I just don’t even know. Perhaps, Christmas will be better. Honestly, all I want to do is just get out of the house. I don’t know where I want to go. Perhaps coffee or a walk? I just want to for a minute remove myself from this life. I don’t feel like anything around me is very real. I go back home in a month and a week. I am not overly excited to return. I am glad to see my family. I miss my mom and sister and brother. They literally are my favorite people in the world. It scares me that their lives still go on in my absence. It is hard to feel important when life occurs without you. In the same sense, my life is going on without them. I am not excited to be reminded of my severed friendships. There are friends, that I want to want to see me. There are friends who I want to move mountains to have a coffee with me. That is how I value their friendship, but that is not the way they see me…and I have to get over it.
This is the first time since I moved that I wish I was home. Then, I think of my kids. I bet they wish they weren’t here too. Not because it is Thanksgiving or Christmas, but because I am not their mom. I am someone they will forget once they leave. I am someone who loves them and tried to take care of them, but will eventually fade from their memory. I don’t want to fade. The hardest part of this job is not the day-to-day, it is reminding yourself how you have no control over these children. It is remembering that no matter how terrible the situation that brought them to you (and I promise you it is heart wrenching) these children still love their mommies and daddies more than you. There will come a time where my life and my child’s life will separate and they will never meet again.

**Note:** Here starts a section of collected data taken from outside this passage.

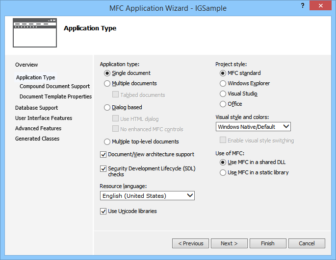 - On the Application Type dialog, choose the Single document option to create a Single Document Interface (SDI) application. Select MFC standard as the Project style. Click Next.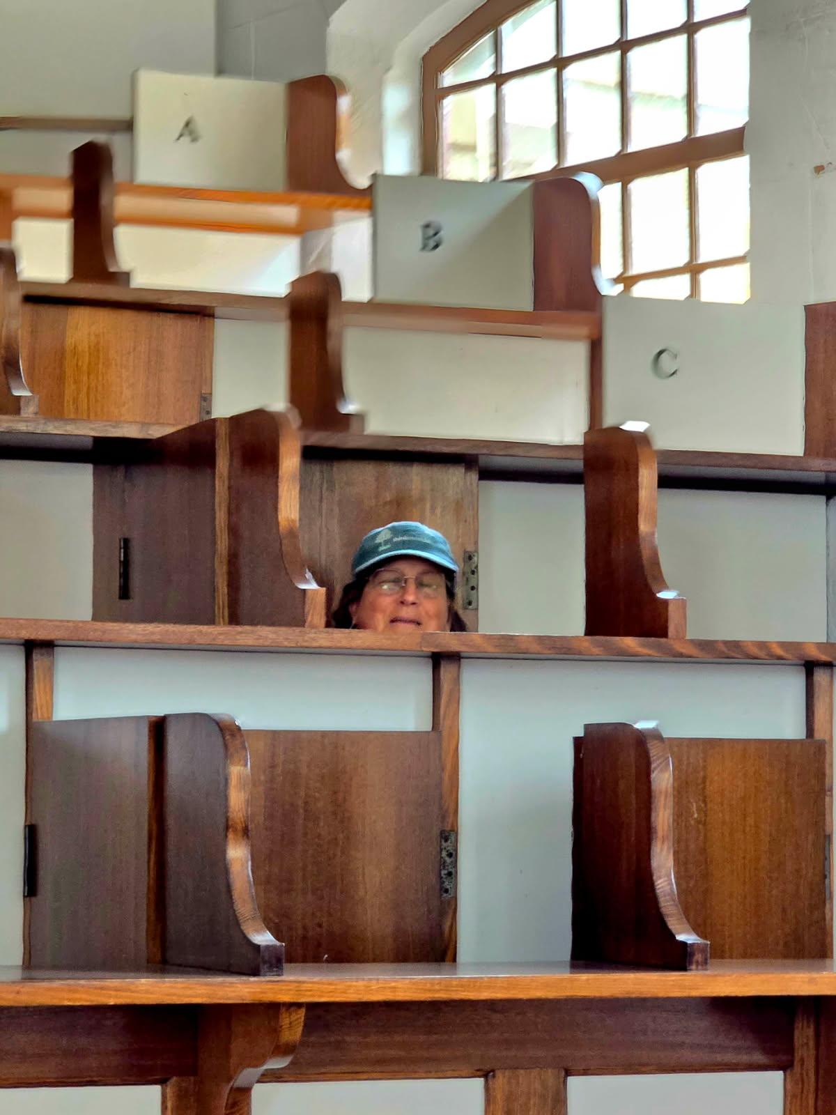 We spent a good deal of time in the isolation building, called the Separate Prison, where prisoners were in solitary confinement.  Even in the obligatory church services they were separated by doors on each side of their seats. Nor could they communicate with each other, and even the guards were silent.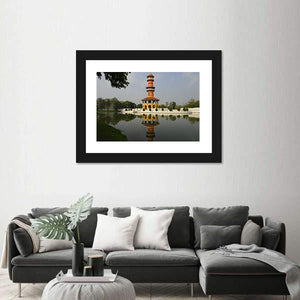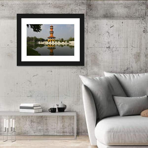 This serene canvas art features the iconic tiered tower of the Royal Summer Palace in Thailand, perfectly mirrored in calm water. Its harmonious palette of yellow, orange, blue, and green creates a tranquil ambiance, making it a wonderful addition to any space seeking a touch of nature.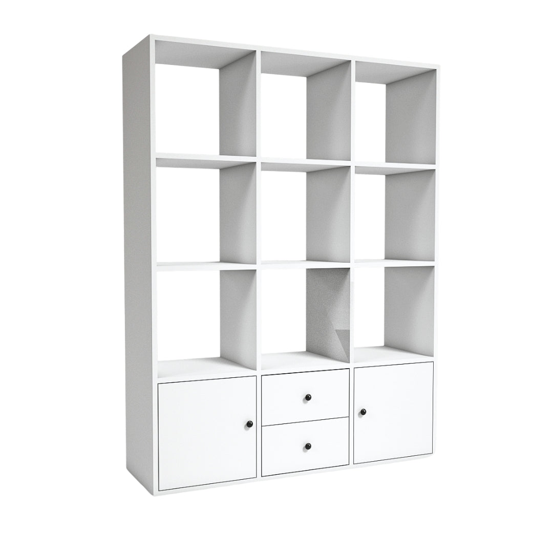 Introducing the Velar 9 Bookcase - the perfect addition to any room! With 9 shelves, 2 doors, and 2 drawers, you'll have plenty of space to store your books, decor, and more. Plus, the sleek design will add a modern touch to your space. Organize in style with Velar 9!

As much work as they were, I wish my future kids were here. I loved them so much. I still feel like I mourn over them. I think of my future linebacker and future doctor all the time. I stare at their photos in my room and wish they were mine. I wish our lives could have intersected when I was able to care for them in my home. However, I do not regret for a moment knowing them. One day, I want my kids to be like them. I want their spirit to shine like theirs. I wish I could have sat around the table with them. More than anything, I wish I that I knew they were okay. I wish I could hug them and tell them, “I love you.” I love them. I love them. I would do anything to see them again.
And with a great relief of breath, she knew that most of her words had come out.